Versare contributi e ritrovarsi con una pensione più bassa è un paradosso reale del sistema previdenziale italiano.
Accade quando, negli ultimi anni di carriera, lo stipendio scende — per part-time, demansionamento, periodi di disoccupazione o contratti meno favorevoli — e quei contributi calcolati su retribuzioni ridotte abbassano la media su cui si calcola l’assegno. La neutralizzazione è lo strumento che consente di eliminare dal computo quei periodi penalizzanti, e può produrre un ricalcolo retroattivo con pagamento degli arretrati.
Il meccanismo è stato introdotto dalla Corte Costituzionale con la sentenza 82 del 2017 e successivamente esteso dalla Corte di Cassazione con la sentenza 30803 del 2024 anche ai pensionati anticipati che raggiungono i 67 anni. Non si tratta di una norma ordinaria, ma di un diritto costruito per via giurisprudenziale, il che spiega perché sia così poco conosciuto tra i diretti interessati.

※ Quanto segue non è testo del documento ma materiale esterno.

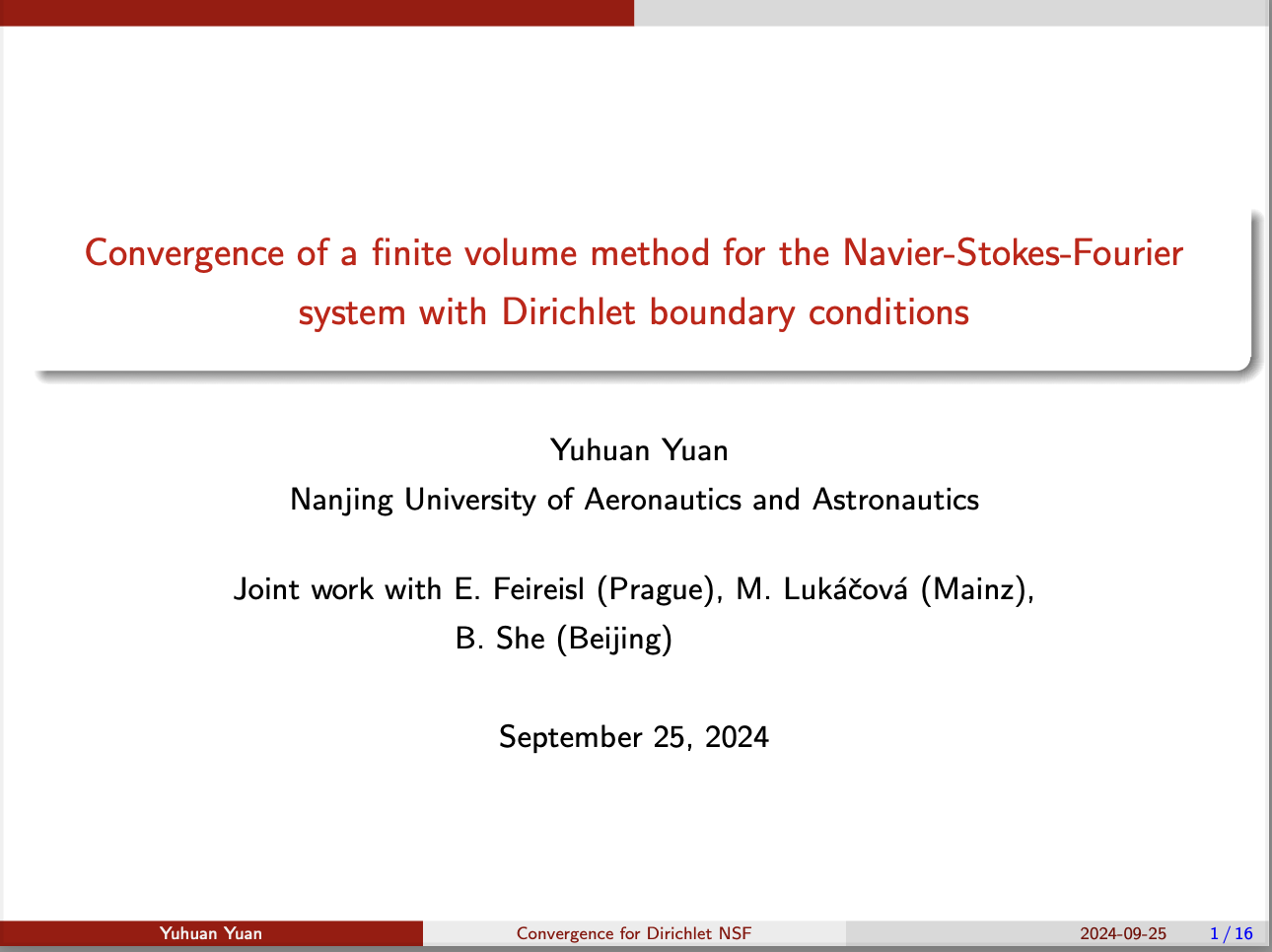 袁玉环首先简单分享了自己在北京大学求学和(德国)美茵茨大学工作时的科研兴趣,随后介绍了近期的科研工作。她通过著名的Rayleigh-Benard对流现象引入NSF的Dirichlet问题,而后介绍了相关的国内外数学和数值分析结果,指出当下该问题数值收敛性的研究很大程度上还是空白的。接着她详细讲解了一阶有限体积方法的构造,并通过对比周期问题指出Dirichlet问题数值分析的重点和难点,最后介绍了得到的数值分析结果,包括数值解的保结构(保密度温度为正、保弹道能量稳定)、数值解有界假设下的一致估计、相容性和收敛性结果。
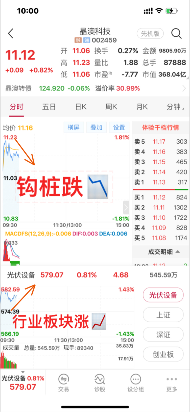 看图说话钩桩独有特点!一个多月了快2个月了每天都是这么走势!行业板块涨晶澳太阳能
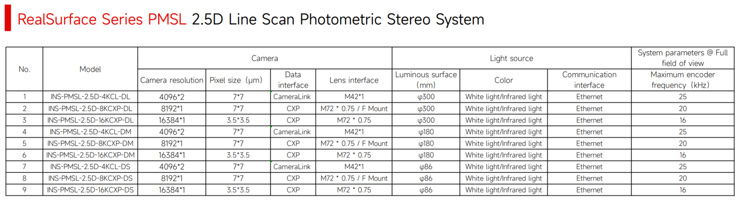 PMSL-2.5D 라인 스캔 광도 스테레오 시스템

Pensionati, come avere il pagamento aggiuntivo con la Neutralizzazione
I beneficiari appartengono a tre categorie: chi ha una pensione con almeno una quota retributiva, chi è andato in pensione anticipata e ha poi compiuto 67 anni, e chi ha contributi penalizzanti negli ultimi cinque anni di carriera. Restano esclusi i pensionati con assegno calcolato interamente con il metodo contributivo — introdotto dalla riforma Dini del 1995 per tutti i lavoratori che hanno iniziato a versare dal 1° gennaio 1996 — perché quel sistema non si basa su medie retributive.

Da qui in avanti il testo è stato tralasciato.